● **SUPPLIED MATERIAL**

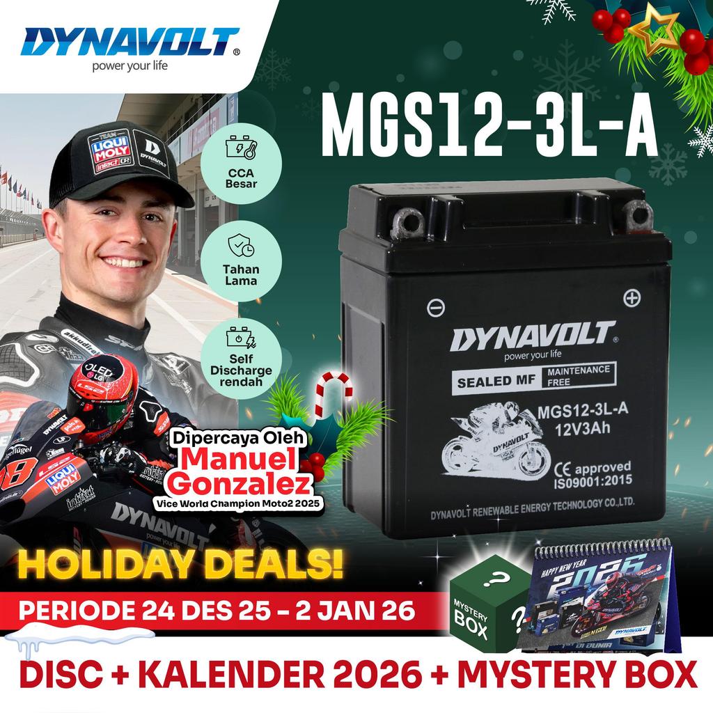 DYNAVOLT Aki Motor YAMAHA RX King, SUZUKI Satria 2 Tak, dll | MGS12-3L-A | 3 AH 35-80 CCA
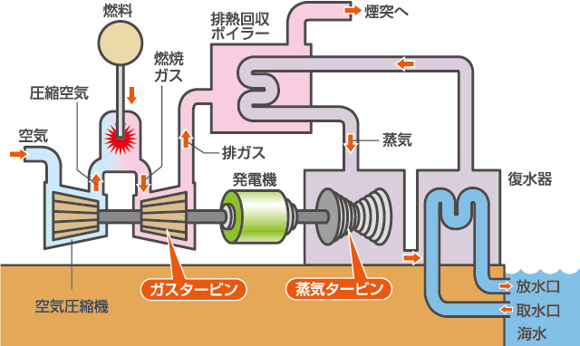 ガスタービンを回したあとの残りのエネルギーで蒸気タービンを回す効率の良い発電方式です。
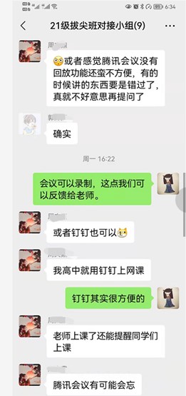 钱静、阮建红分享了利用大夏学堂进行过程性评价和小测验的课堂经验。阮建红表示,根据考试成绩对比分析,能够比较合理地了解学生的真实学习情况。“每次测验学生都开着摄像头,学生也遵守了诚信考试的要求。我还把直播的内容本地录制下来,上传到大夏平台,效果还是不错的。一般1.5小时的课保存之后100M多一些,很方便。”钱静说。陈丽清表示,会为学习困难的学生开展个性化的课后辅导。龚士静说:“我们平行班的网课,课前会沟通课程进度,讨论如何调动学生的积极性。很多学生很乐意在腾讯会议中的信息栏回复问题,这个功能也挺好用。”管曙光表示,结合目前学校在做的慕课和在线课程等,网课可以合理利用优质的线上课程资源,结合主动的课程设计和互动、加上个性化的辅导,能达到比较好的授课效果。
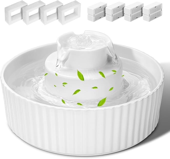 - 😽【Multi-Filtration, Water Purification】: Equipped with activated carbon filter and pre-sponge filter, which can remove sediment, debris and pet hair, this ceramic pet water dispenser can provide a constant supply of flowing purified water. Note: It is healthier to change the filter every 4 weeks!
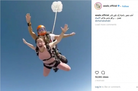 نشرت الفنانة السورية أصالة فيديو لابنتها الكبرى شام أثناء قيامها بمغامرة جريئة بالقفز من أعلى الطائرة بمظلة. ورغم خطورة هذه المغامرة إلا أن أصالة شجعت ابنتها بكلمات حماسية حيث كتبت معلقة: "أحلى شعور بالحياة إِنّك تكون قادر تفصل… براڤو شامي ملاكي”.
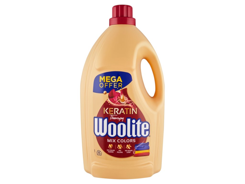 Woolite Mix Colors is a special liquid detergent that effectively washes and protects colored clothes. Thanks to its keratin content, it helps protect textile fibers , makes them soft and prevents wrinkles .

● **TASK REQUIREMENTS**
Write out the data once more exactly, omitting the pictures.

● **ANSWER SPACE**
 DYNAVOLT Aki Motor YAMAHA RX King, SUZUKI Satria 2 Tak, dll | MGS12-3L-A | 3 AH 35-80 CCA
 ガスタービンを回したあとの残りのエネルギーで蒸気タービンを回す効率の良い発電方式です。
 钱静、阮建红分享了利用大夏学堂进行过程性评价和小测验的课堂经验。阮建红表示,根据考试成绩对比分析,能够比较合理地了解学生的真实学习情况。“每次测验学生都开着摄像头,学生也遵守了诚信考试的要求。我还把直播的内容本地录制下来,上传到大夏平台,效果还是不错的。一般1.5小时的课保存之后100M多一些,很方便。”钱静说。陈丽清表示,会为学习困难的学生开展个性化的课后辅导。龚士静说:“我们平行班的网课,课前会沟通课程进度,讨论如何调动学生的积极性。很多学生很乐意在腾讯会议中的信息栏回复问题,这个功能也挺好用。”管曙光表示,结合目前学校在做的慕课和在线课程等,网课可以合理利用优质的线上课程资源,结合主动的课程设计和互动、加上个性化的辅导,能达到比较好的授课效果。
 - 😽【Multi-Filtration, Water Purification】: Equipped with activated carbon filter and pre-sponge filter, which can remove sediment, debris and pet hair, this ceramic pet water dispenser can provide a constant supply of flowing purified water. Note: It is healthier to change the filter every 4 weeks!
 نشرت الفنانة السورية أصالة فيديو لابنتها الكبرى شام أثناء قيامها بمغامرة جريئة بالقفز من أعلى الطائرة بمظلة. ورغم خطورة هذه المغامرة إلا أن أصالة شجعت ابنتها بكلمات حماسية حيث كتبت معلقة: "أحلى شعور بالحياة إِنّك تكون قادر تفصل… براڤو شامي ملاكي”.
 Woolite Mix Colors is a special liquid detergent that effectively washes and protects colored clothes. Thanks to its keratin content, it helps protect textile fibers , makes them soft and prevents wrinkles .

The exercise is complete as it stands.